Poor sleep quality contributes to women’s heart disease

The amount and quality of sleep you get can have a big impact on your mood—those days where you don’t get enough are never quite as good as days where you get the full eight hours—and doctors have long said that sleep can have an impact on your health. And now it seems, according to a newly released research study, that poor sleep can have an impact on women’s heart health. That’s right, women’s, but not men’s.

Inflammation levels rise with poor sleep

Researchers explained that poor sleep “appears to contribute to the progression of heart disease in women by raising their inflammation levels.” And inflammation “is a well-known predictor of cardiovascular health,” said lead author Aric Prather who is a clinical health psychologist and assistant professor of psychiatry at the University of California, San Francisco.

Lack of estrogen may be factor

The study analyzed data collected from almost 700 men and women, whose average ages were 66 and 64 respectively.

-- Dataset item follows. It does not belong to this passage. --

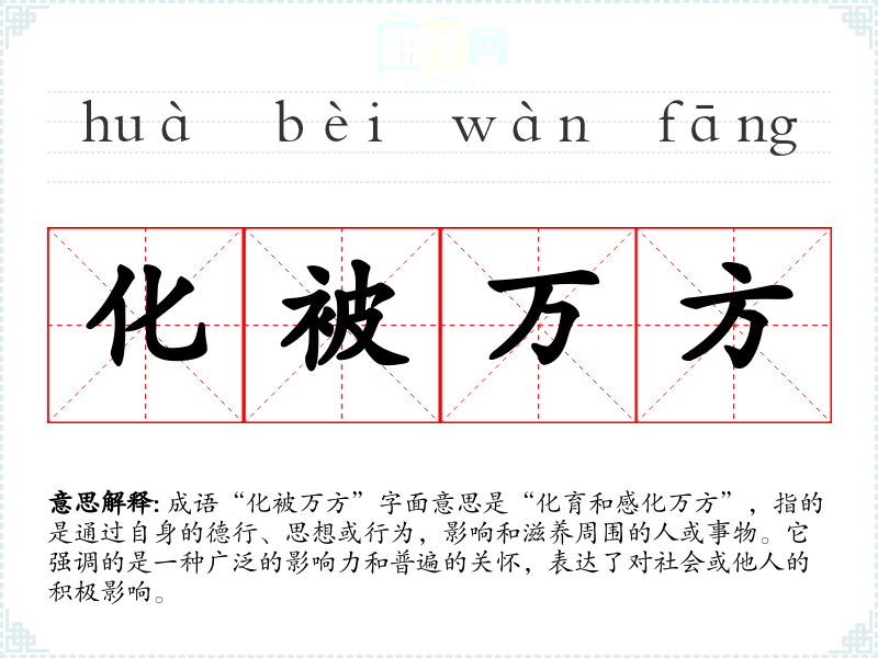 成语“化被万方”字面意思是“化育和感化万方”,指的是通过自身的德行、思想或行为,影响和滋养周围的人或事物。它强调的是一种广泛的影响力和普遍的关怀,表达了对社会或他人的积极影响。

All participants had previously been diagnosed with coronary heart disease. Researchers said that “among the women, poor sleep quality was significantly associated with increases in markers of inflammation over five years.” Since most of the women in the study were postmenopausal, they hypothesized that lower estrogen levels contribute to poor sleep quality.

Based on this linkage, Prather’s team said, “It is possible that testosterone, which is at higher levels in men, served to buffer the effects of poor subjective sleep quality.”